Nat Geo’s “Bad Romance” Wins Super Clio 2017 Award

“Bad Romance,” promo for Nat Geo’s “Genius” declared Super Clio 2017 winner at Super Bowl ads- some ads carry political overtones – some focus on brand building

Nat Geo’s “Bad Romance” Wins Super Clio 2017 Award

Super Bowl is watched by millions every year, probably more for the ads than the football and this year’s Super Bowl was no different. It’s an expensive platform to promote from with a single airing, for a 30-second clip, priced at five million dollars.

No, wonder one gets to see great works of media genius as there is no dearth of funds to back the creativity of these top-of-the-line ad agencies, as was evident this year.

The Super Bowl is a big-game platform because $5 million is not the only big expense we are talking about here. Take into account the ad agency fee, production, and marketing costs and you can well imagine how big it can get.

Because of the magnitude and importance of the event, not forgetting the expenses involved in the ads, creative directors of ad agencies are under extreme pressure to come up with commercials that will not end with the Super Bowl but cling to the memories of viewers, way beyond – longevity of the ad is the name of the game because it makes economic sense.

This year saw “Bad Romance” by the ad agency, McCann New York, winning the Super Clio 2017 “Clio Creative Bowl” award at the Super Bowl. It is the promo for National Geographic’s upcoming scripted serial “Genius,” based on Albert Einstein’s life and times – Geoffrey Rush is playing Einstein, by the way.

The timing of the ad was impeccable – a masterstroke indeed. McCann New York managed to get in the ad as soon as Lady Gaga finished her Super Bowl 2017 half-time show.

It doesn’t end here. Although the ad does not show any actual footage from the upcoming serial itself, Einstein playing Lady Gaga’s 2009 hit “Bad Romance” on the violin, immediately after her show, was certainly a stroke of genius from the ad agency, McCann New York. The ad was not only well timed, the content was brilliantly well-thought of, as well, and that’s why they are the 2017 winners!

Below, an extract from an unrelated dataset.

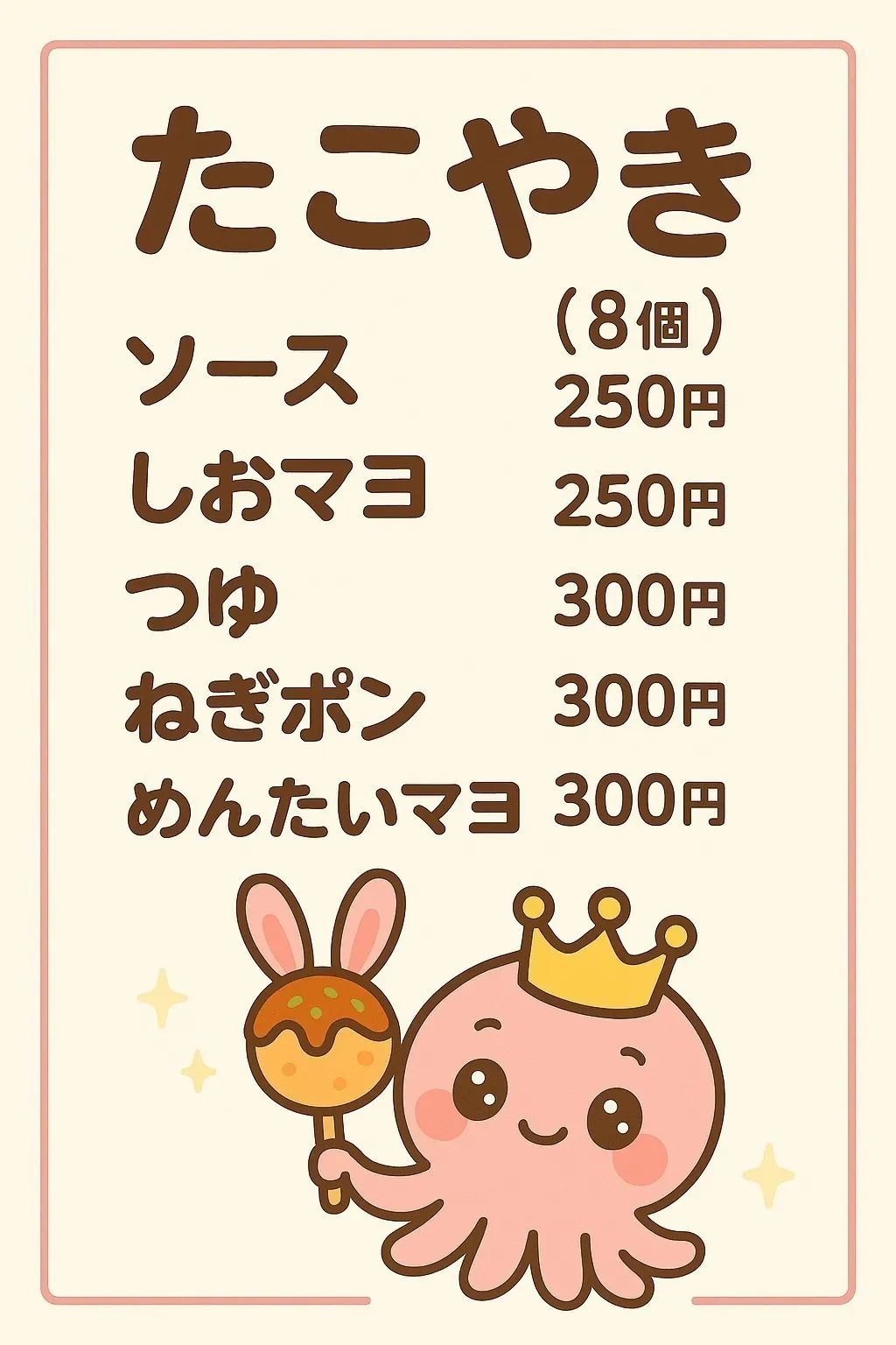 現在は、たこ焼8こ250円お子様達にも購入しやすい金額で販売しています。

Budweiser’s promo “Born the Hard Way” by ad agency Anomaly, Honda’s “Yearbooks” by RPA Los Angeles, and Airbnb’s “#WeAccept” by TBWA New York were the other finalists or runners-up, if you like.

For the analytical minded what was notable this year was the political undertones some of the ads carried, whether intentional or not is anybody’s guess.

One such ad was Budweiser’s “Born the Hard Way” which seemed to convey a politically oriented message with its immigrant theme, probably because of the timing, as the promo shows one of the founders of the company coming to the US as an immigrant from Germany. It was like saying Budweiser beer would not have been possible were it not for immigrants. Had the ongoing immigration fiasco not been the focal political issue one may not have read too much into it.

The other factor that stood out this year at the Super Bowl ads was the focus of companies to promote the brand rather than a product. The Ford ad is a good example of this observation. The company has made a great attempt, and successfully at that, to portray that life is all about mobility and helping people who are stuck, actually and figuratively, to be mobile again with Electric Vehicles, Ride Sharing, Bike Sharing, Self-Driving Cars, and Apps.

Coming back to the winner, “I thought it was incredible because it was, in some ways what many Super Bowl ads aren’t—crafted and subtle, not loud or over the top,” said Beresford-Hill, BBDO executive creative director about Nat Geo’s “Bad Romance.”

“The context was amazing. It’s a really tough brief. If you did a straight trailer for this National Geographic show, it may have felt like just another TV promo, and get lost among the others. So to go with this crazy contextual win, where the last Lady Gaga song effectively continued into the promo, was genius placement. It pulled the audience right into Einstein, which I don’t think they would’ve been with a more traditional trailer.” He added.